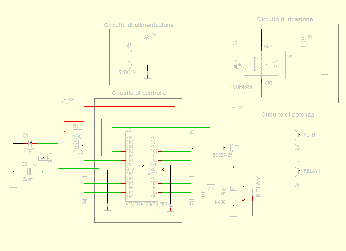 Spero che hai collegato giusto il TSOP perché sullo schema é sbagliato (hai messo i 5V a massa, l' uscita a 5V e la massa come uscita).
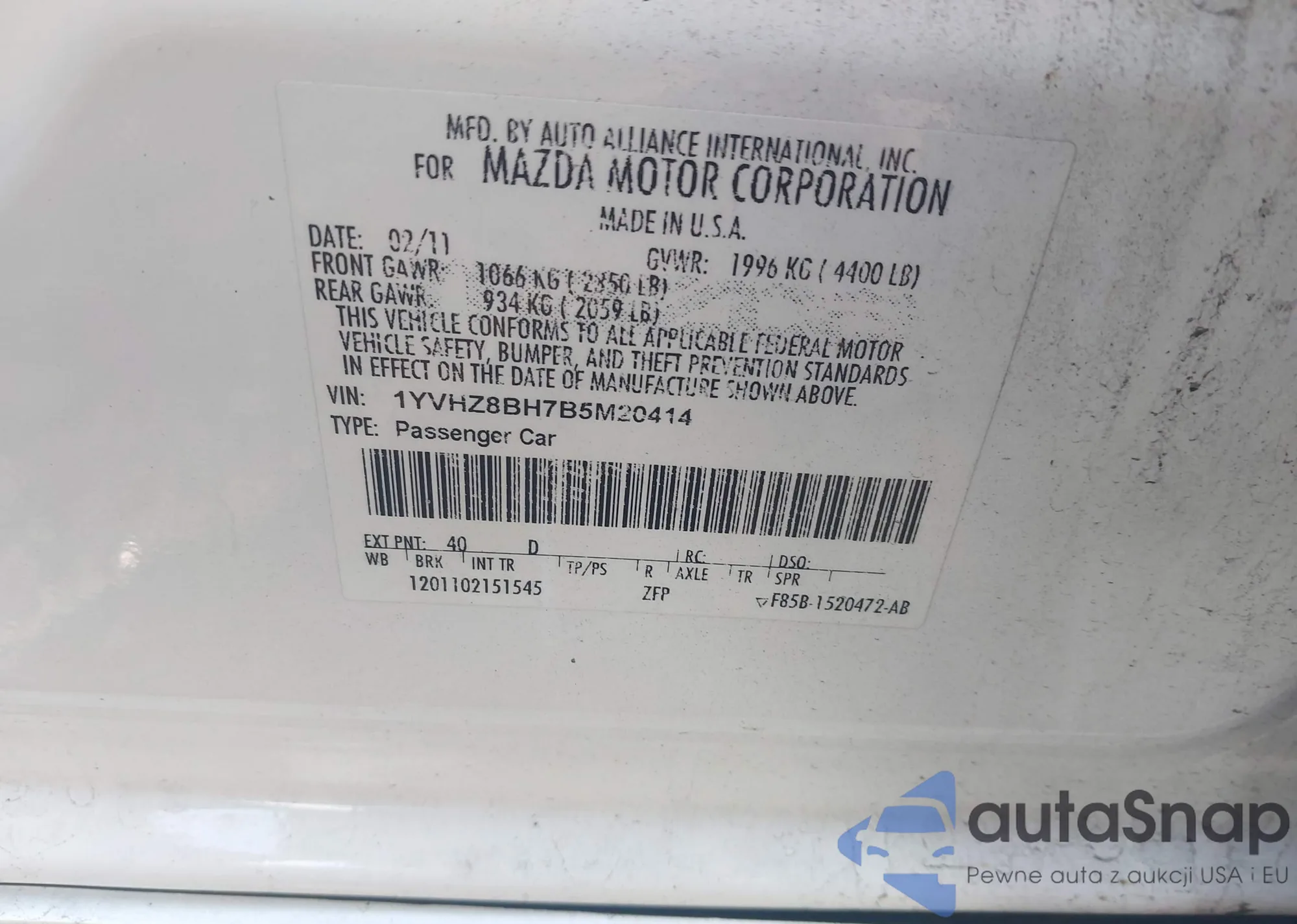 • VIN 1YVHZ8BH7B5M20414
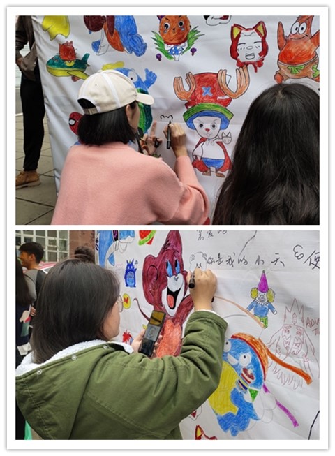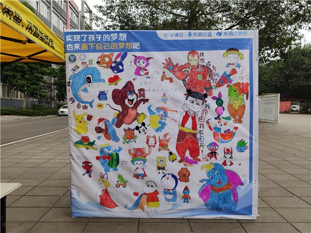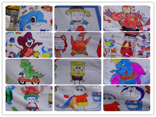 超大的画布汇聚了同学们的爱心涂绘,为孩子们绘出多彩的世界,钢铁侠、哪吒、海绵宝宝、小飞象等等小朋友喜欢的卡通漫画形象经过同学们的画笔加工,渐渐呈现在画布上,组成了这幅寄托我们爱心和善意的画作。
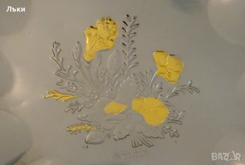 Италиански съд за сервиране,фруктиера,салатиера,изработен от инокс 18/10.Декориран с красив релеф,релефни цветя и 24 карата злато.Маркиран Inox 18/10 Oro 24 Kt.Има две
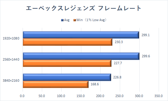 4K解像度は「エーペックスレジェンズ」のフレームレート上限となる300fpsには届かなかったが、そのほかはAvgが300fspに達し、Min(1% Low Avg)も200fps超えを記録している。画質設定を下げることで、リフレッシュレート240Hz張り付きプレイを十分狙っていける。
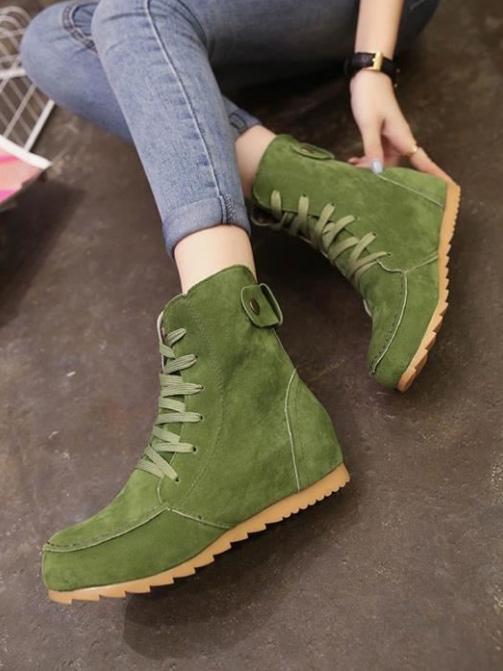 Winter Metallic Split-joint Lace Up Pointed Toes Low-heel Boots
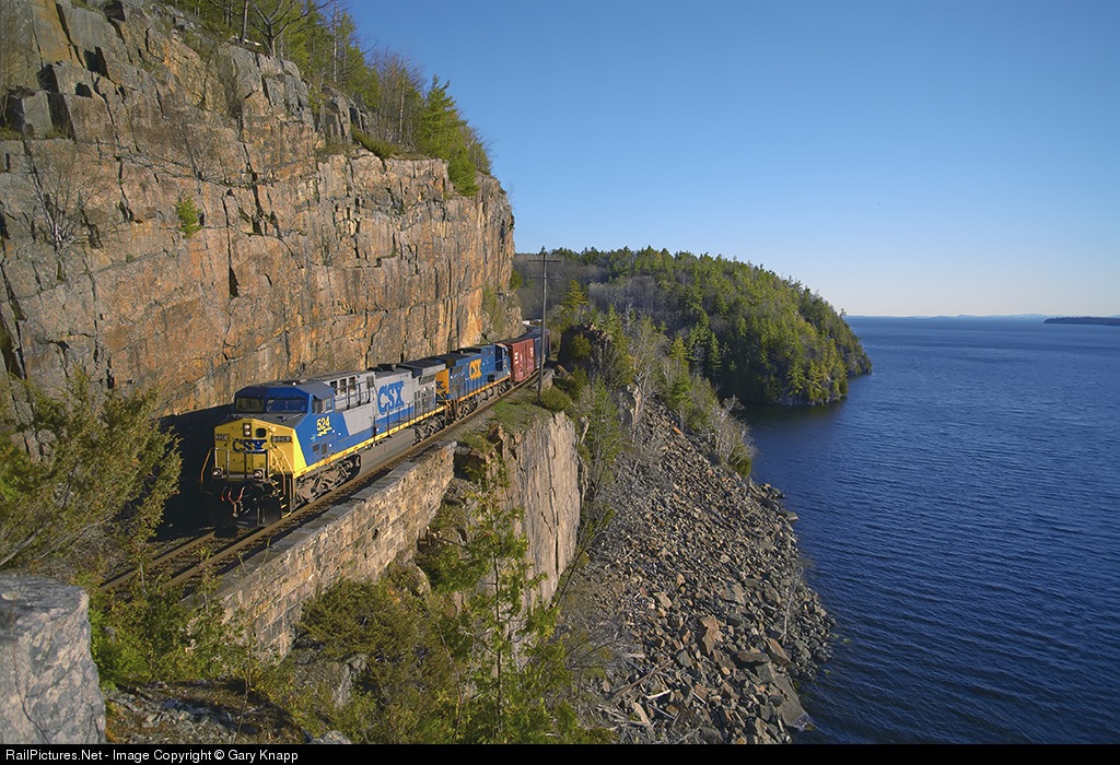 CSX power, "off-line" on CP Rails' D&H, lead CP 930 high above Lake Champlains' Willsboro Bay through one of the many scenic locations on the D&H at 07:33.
===============
Without the pictures, return the listing above from its first line through the line that has "超大的画布汇聚了同学们的爱心".

§ **Task output**:
 Spero che hai collegato giusto il TSOP perché sullo schema é sbagliato (hai messo i 5V a massa, l' uscita a 5V e la massa come uscita).
 • VIN 1YVHZ8BH7B5M20414
 超大的画布汇聚了同学们的爱心涂绘,为孩子们绘出多彩的世界,钢铁侠、哪吒、海绵宝宝、小飞象等等小朋友喜欢的卡通漫画形象经过同学们的画笔加工,渐渐呈现在画布上,组成了这幅寄托我们爱心和善意的画作。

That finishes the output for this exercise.